┌─ THE DATA

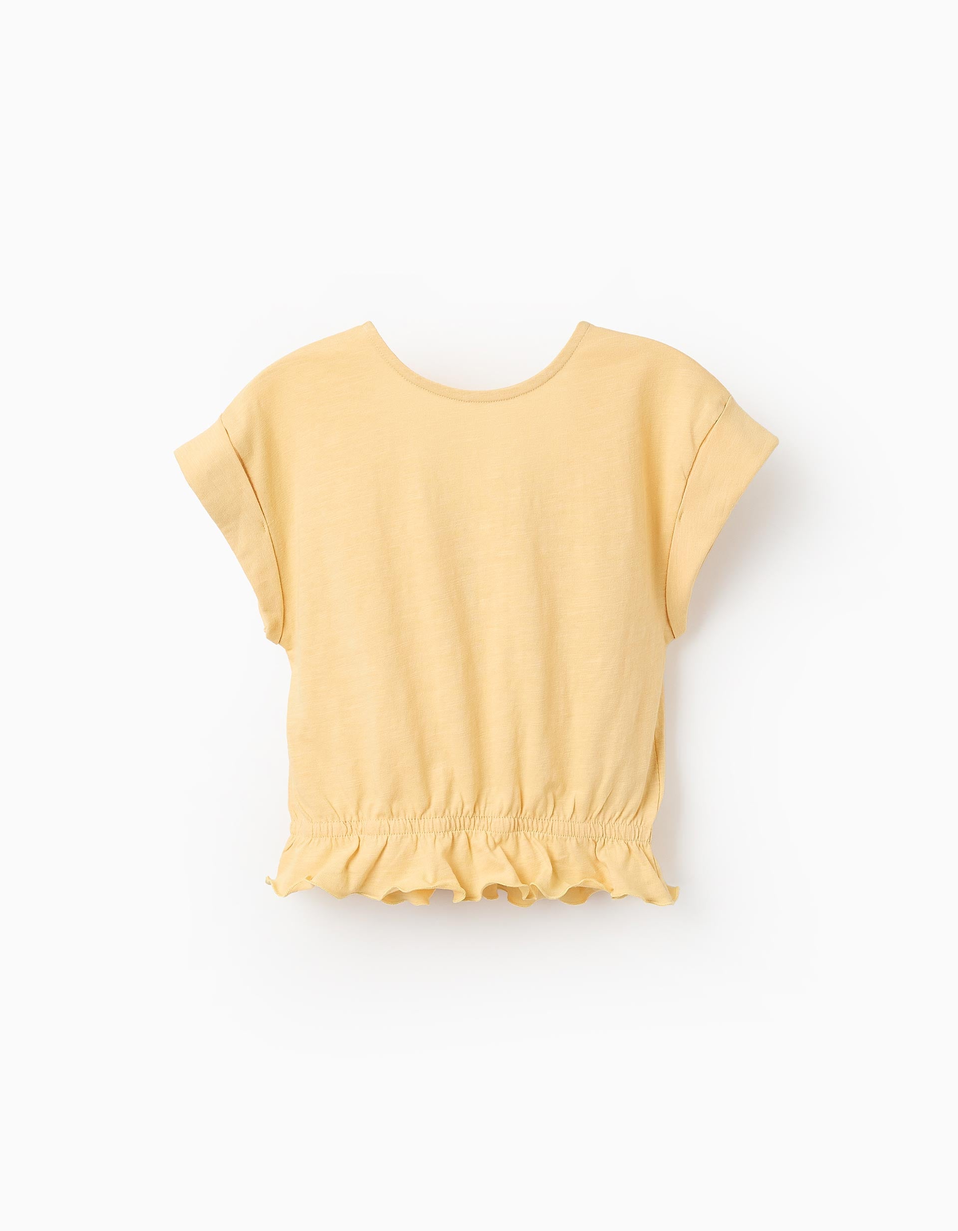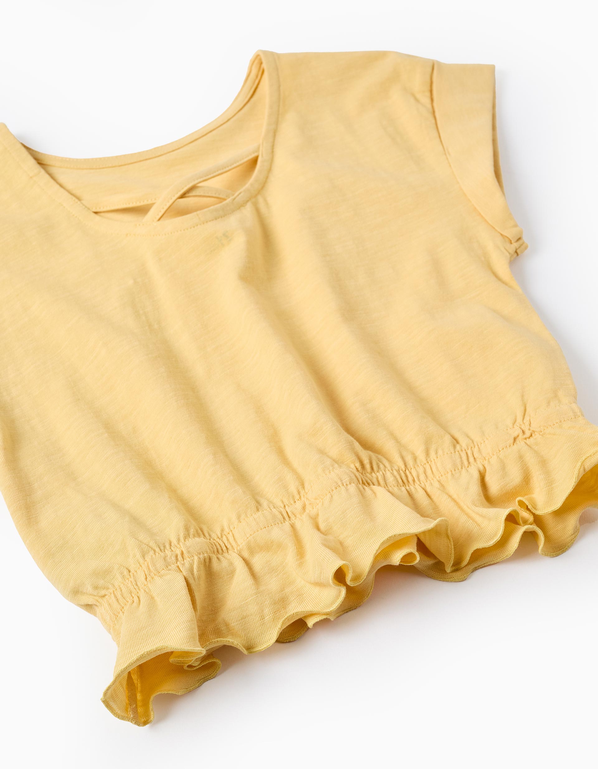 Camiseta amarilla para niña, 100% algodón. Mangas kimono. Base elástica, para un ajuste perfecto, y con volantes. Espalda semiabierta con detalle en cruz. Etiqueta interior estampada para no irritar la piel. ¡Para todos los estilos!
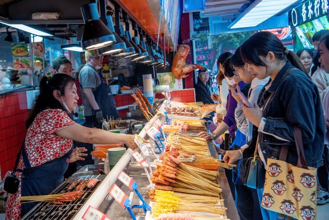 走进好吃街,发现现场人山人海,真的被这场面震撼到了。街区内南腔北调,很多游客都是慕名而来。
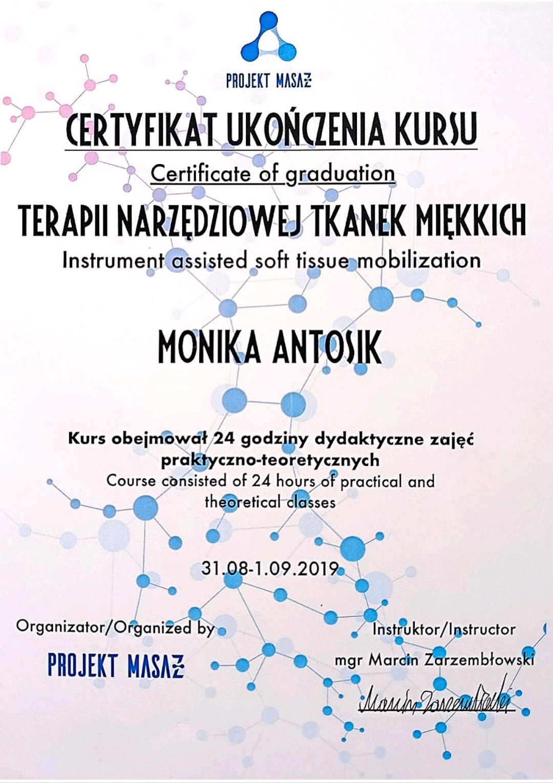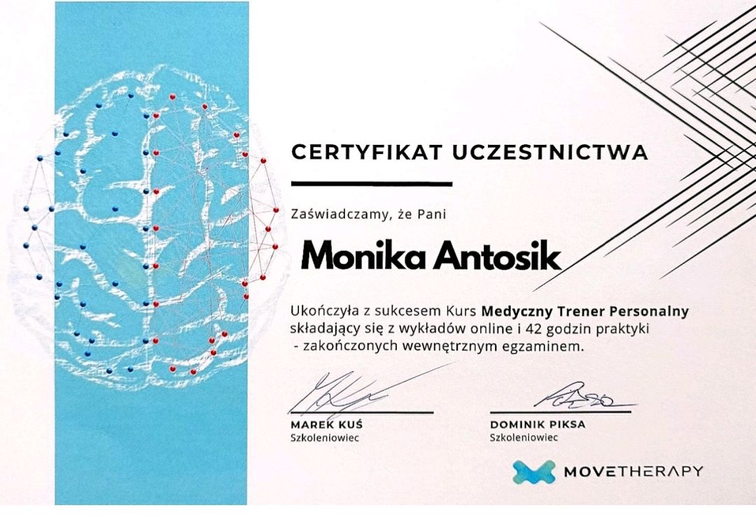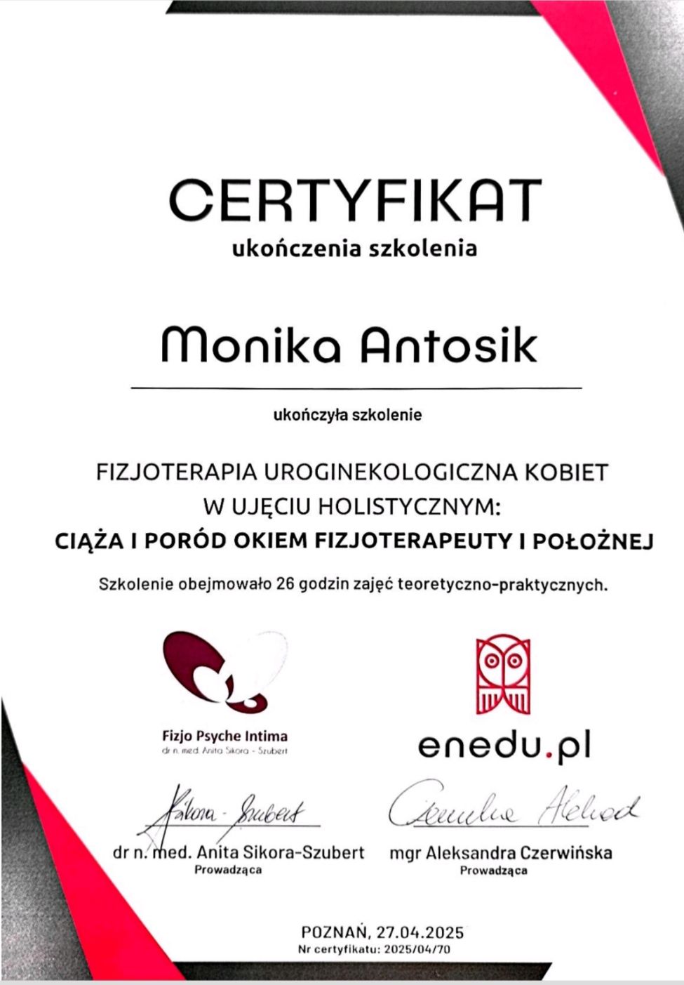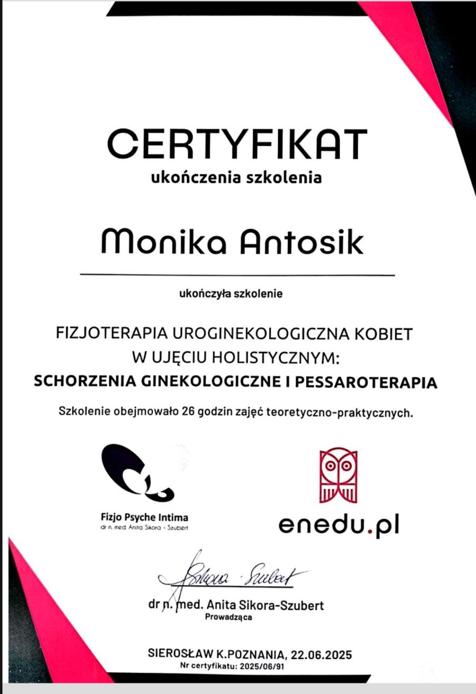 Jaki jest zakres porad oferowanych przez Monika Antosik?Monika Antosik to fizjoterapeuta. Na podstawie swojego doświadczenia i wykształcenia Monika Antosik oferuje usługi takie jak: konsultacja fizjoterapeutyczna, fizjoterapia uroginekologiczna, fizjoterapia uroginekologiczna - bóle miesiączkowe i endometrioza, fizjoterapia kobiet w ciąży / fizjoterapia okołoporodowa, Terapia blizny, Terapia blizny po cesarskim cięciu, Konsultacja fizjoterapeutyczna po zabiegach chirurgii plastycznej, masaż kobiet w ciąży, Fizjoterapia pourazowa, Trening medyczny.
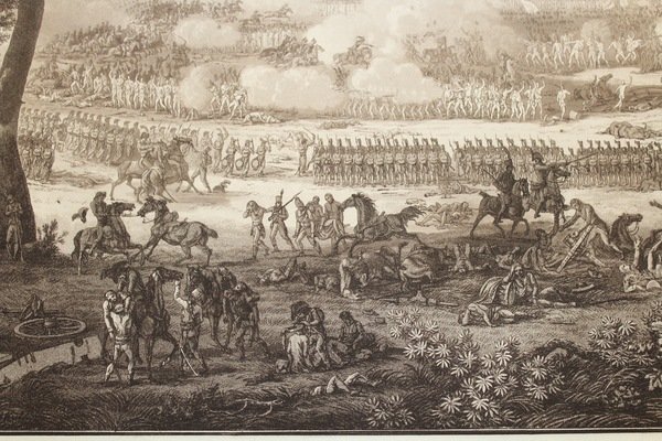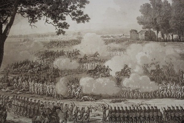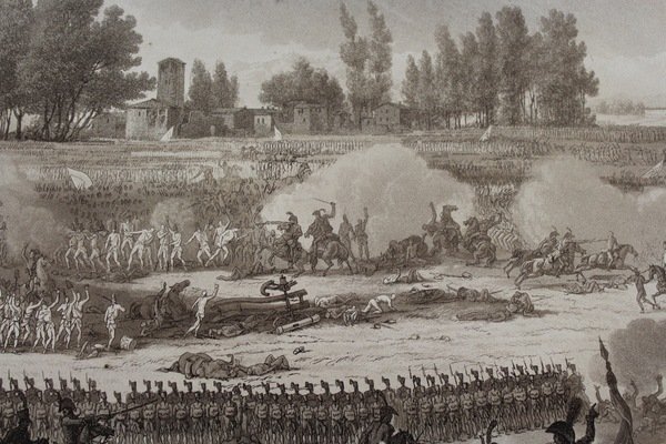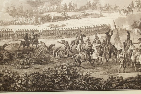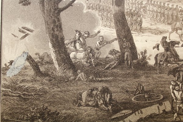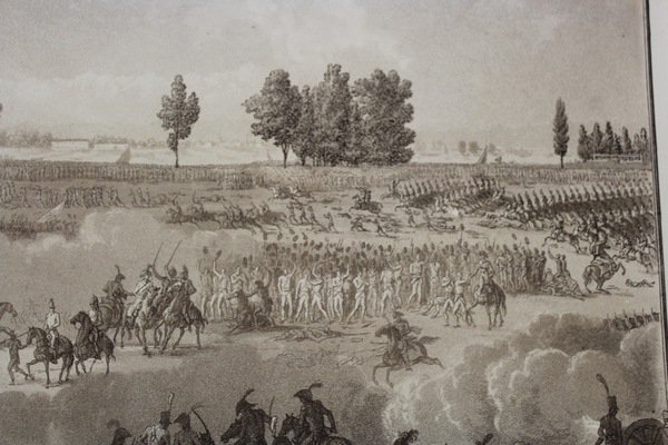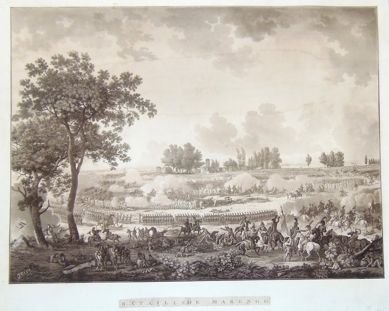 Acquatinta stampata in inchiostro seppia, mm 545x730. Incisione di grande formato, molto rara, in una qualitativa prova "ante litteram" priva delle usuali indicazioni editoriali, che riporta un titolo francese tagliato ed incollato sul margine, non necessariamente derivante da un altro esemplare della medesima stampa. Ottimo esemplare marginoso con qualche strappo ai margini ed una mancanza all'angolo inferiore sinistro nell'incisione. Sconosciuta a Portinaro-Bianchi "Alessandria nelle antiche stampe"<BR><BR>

└─

> [GOAL OF THE EXERCISE]:
Apart from the pictures, all of the data should be repeated exactly.

> [EXPECTED ANSWER]:
 Camiseta amarilla para niña, 100% algodón. Mangas kimono. Base elástica, para un ajuste perfecto, y con volantes. Espalda semiabierta con detalle en cruz. Etiqueta interior estampada para no irritar la piel. ¡Para todos los estilos!
 走进好吃街,发现现场人山人海,真的被这场面震撼到了。街区内南腔北调,很多游客都是慕名而来。
 Jaki jest zakres porad oferowanych przez Monika Antosik?Monika Antosik to fizjoterapeuta. Na podstawie swojego doświadczenia i wykształcenia Monika Antosik oferuje usługi takie jak: konsultacja fizjoterapeutyczna, fizjoterapia uroginekologiczna, fizjoterapia uroginekologiczna - bóle miesiączkowe i endometrioza, fizjoterapia kobiet w ciąży / fizjoterapia okołoporodowa, Terapia blizny, Terapia blizny po cesarskim cięciu, Konsultacja fizjoterapeutyczna po zabiegach chirurgii plastycznej, masaż kobiet w ciąży, Fizjoterapia pourazowa, Trening medyczny.
 Acquatinta stampata in inchiostro seppia, mm 545x730. Incisione di grande formato, molto rara, in una qualitativa prova "ante litteram" priva delle usuali indicazioni editoriali, che riporta un titolo francese tagliato ed incollato sul margine, non necessariamente derivante da un altro esemplare della medesima stampa. Ottimo esemplare marginoso con qualche strappo ai margini ed una mancanza all'angolo inferiore sinistro nell'incisione. Sconosciuta a Portinaro-Bianchi "Alessandria nelle antiche stampe"<BR><BR>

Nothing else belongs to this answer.